When one wants to delete a large number of groups and nexthops, it is fastest to first flush the groups (ip nexthop flush groups) and then flush the nexthops themselves (ip -6 nexthop flush). As that way the groups don't need to be rebalanced.
However, `ip -6 nexthop flush` will still take a long time if there is a very large number of nexthops because of the call to synchronize_net(). Now, if there are no more groups, there is no point in calling synchronize_net(). So, let's skip that entirely by checking if nh->grp_list is empty.
This gives us a nice speedup:
BEFORE: =======
$ time sudo ip -6 nexthop flush Dump was interrupted and may be inconsistent. Flushed 2097152 nexthops
real 1m45.345s user 0m0.001s sys 0m0.005s
$ time sudo ip -6 nexthop flush Dump was interrupted and may be inconsistent. Flushed 4194304 nexthops
real 3m10.430s user 0m0.002s sys 0m0.004s
AFTER: ======
$ time sudo ip -6 nexthop flush Dump was interrupted and may be inconsistent. Flushed 2097152 nexthops
real 0m17.545s user 0m0.003s sys 0m0.003s
$ time sudo ip -6 nexthop flush Dump was interrupted and may be inconsistent.
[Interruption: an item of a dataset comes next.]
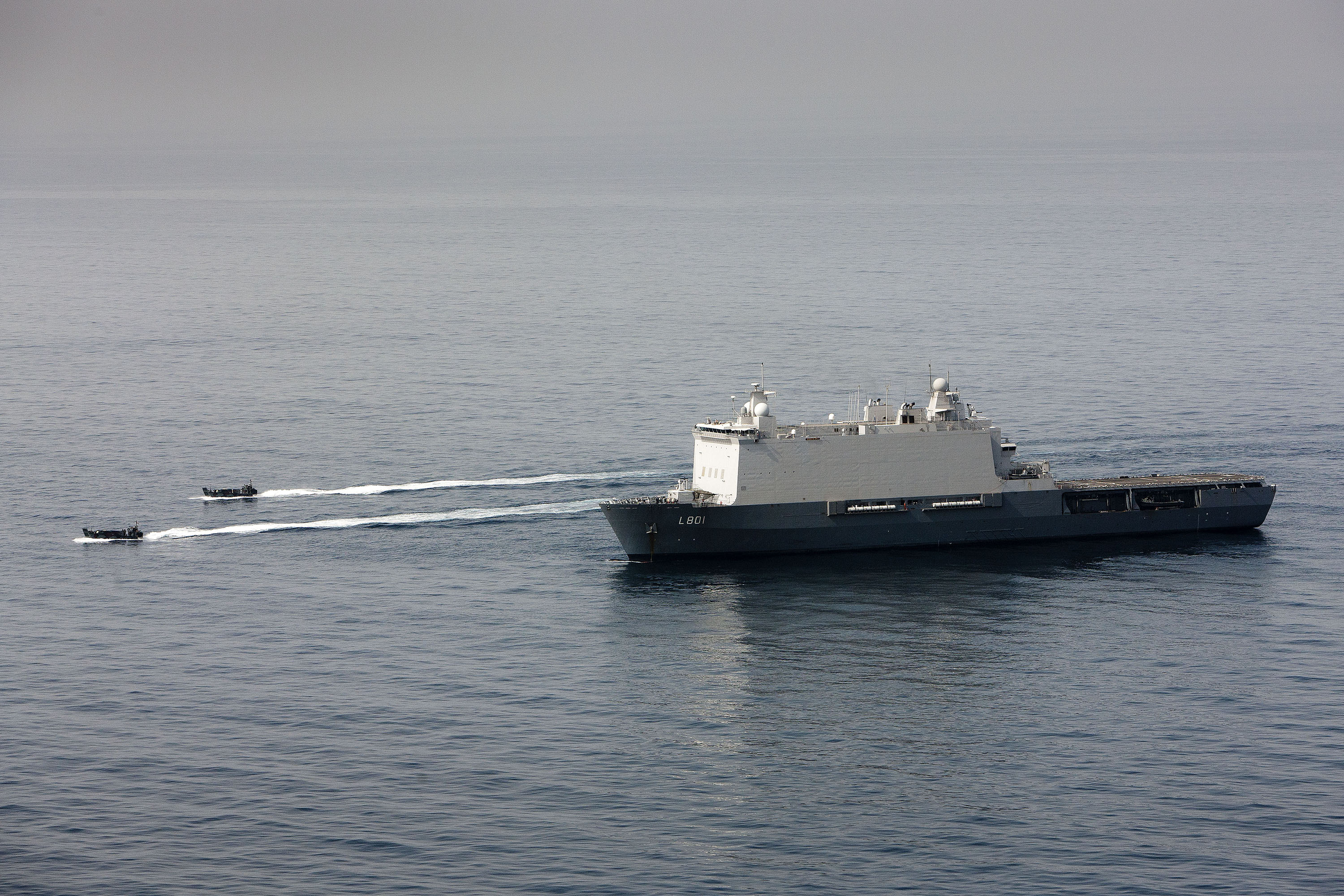 HNLMS Johan de Witt (L801) with two LCVPs in the Gulf of Aden

Flushed 4194304 nexthops
real 0m35.823s user 0m0.002s sys 0m0.004s
Signed-off-by: Christoph Paasch cpaasch@openai.com Reviewed-by: Ido Schimmel idosch@nvidia.com Reviewed-by: Nikolay Aleksandrov razor@blackwall.org Reviewed-by: Eric Dumazet edumazet@google.com Reviewed-by: David Ahern dsahern@kernel.org Link: https://patch.msgid.link/20250816-nexthop_dump-v2-2-491da3462118@openai.com Signed-off-by: Jakub Kicinski kuba@kernel.org Signed-off-by: Sasha Levin sashal@kernel.org ---
LLM Generated explanations, may be completely bogus:
YES
Why this is a good stable backport - Fixes a real, user-facing regression in large-scale environments: deleting many nexthops pays an O(N) cost from an unnecessary RCU grace period per nexthop. The commit message shows dramatic runtime reductions (minutes → seconds) for “ip -6 nexthop flush” on millions of nexthops. This is an operational pain point, not a micro- optimization. - Minimal, localized change with no functional/architectural impact: it only short-circuits a barrier when there is provably nothing to synchronize. No API changes, no behavior changes when cleanup is actually needed. - Preserves correctness: the synchronize call was introduced to serialize readers after updating a published group array (commit 90f33bffa382). Skipping it is safe when there were no group updates.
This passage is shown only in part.